Everyone wants to put a tag on 1999, but what can you say about a year in which an empty-headed, nose-abusing drunken frat boy-turned-smarmy Bible thumper became the early front-runner for the presidency of the United States? In which an equally empty-headed but clever young hustler who made his bankroll selling overpriced fraternity watches became (as Fearless Editor noted last week) "the most powerful unelected politician in the state," whiplashing the public agenda and trashing transit and other basic services with a run of half-baked free-lunch ballot measures? In which the giddy young founder of an online bookstore-turned-shopping-mall with no profits on the horizon became Time's "Person of the Year"?

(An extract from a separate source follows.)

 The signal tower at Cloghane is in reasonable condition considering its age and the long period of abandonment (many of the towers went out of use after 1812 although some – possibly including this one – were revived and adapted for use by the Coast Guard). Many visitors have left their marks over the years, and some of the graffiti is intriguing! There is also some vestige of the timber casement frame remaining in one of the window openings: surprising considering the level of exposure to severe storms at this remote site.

But put Jeff Bezos, Tim Eyman, and G. W. Bush in a lineup and a pattern emerges. They've triumphed by the sheer invulnerability of their optimism and, at least in Eyman's and Dubyuh's cases, the invincibility of their ignorance and their sheer indifference to consequences. Bezos levitates miraculously above old-fashioned notions like profitability, improvising giddily while intoning that the key to success is a solid business plan. George W. prattles about "compassionate conservatism" while cheerily signing 113 death warrants, including one for fellow born-againer Karla Faye Tucker, and commuting not a one. Eyman blabs about helping the needy and restoring democracy while moving to gut the transit that is the needy's lifeline.

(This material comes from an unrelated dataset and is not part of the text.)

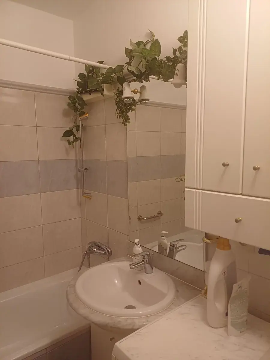 Vstupními dveřmi do bytu se vejde do předsíně s vestavěnými dveřmi, odkud je vstup do koupelny s vanou, pračkou, umyvadlem a otopným žebříkem. Dále je vstup na samostatné wc. Z předsíně je vstup do ložnice s dvoulůžkem, čtyřdílnou šatní skříní a skříní s televizí. Z předsíně je vstup do obývacího pokoje s kuchyní. V kuchyňské lince do L je elektrický sporák s el. troubou, dřez, velká lednice, spižírna, mikrovlnka, kávovar. Kuchyně je kompletně vybavená nádobím. V obývací části pokoje je sedací souprava s úložným prostorem, konferenční stolek, taburet, obývací nábytková stěna, koberec.

We all knew kids like this in school, class presidents and good-time boys who dodged the work but skated by on a smile, a stunt, and a little timely sucking up. Their heedlessness is their charm. They're Reagan's children, schooled in the politics of wishful thinking. All they need to know is that you can fool enough of the people enough of the time, and that hard truth counts less than passionate conviction, or an appealing simulation thereof.

Seattle, the concept

Let's also celebrate what was both the most prescient and most clueless quote of 1999. On October 13, a month-and-a-half before the trade ministers and sea turtles came to town, City Council member Margaret Pageler published a P-I op-ed on the "choice between progress and protesters." She led off by saluting Seattle as "the Pacific Rim city that's so dynamic the US government chose to bring the trade ministers of the whole world here for their conference." Dynamic indeed—beyond their wildest dreams.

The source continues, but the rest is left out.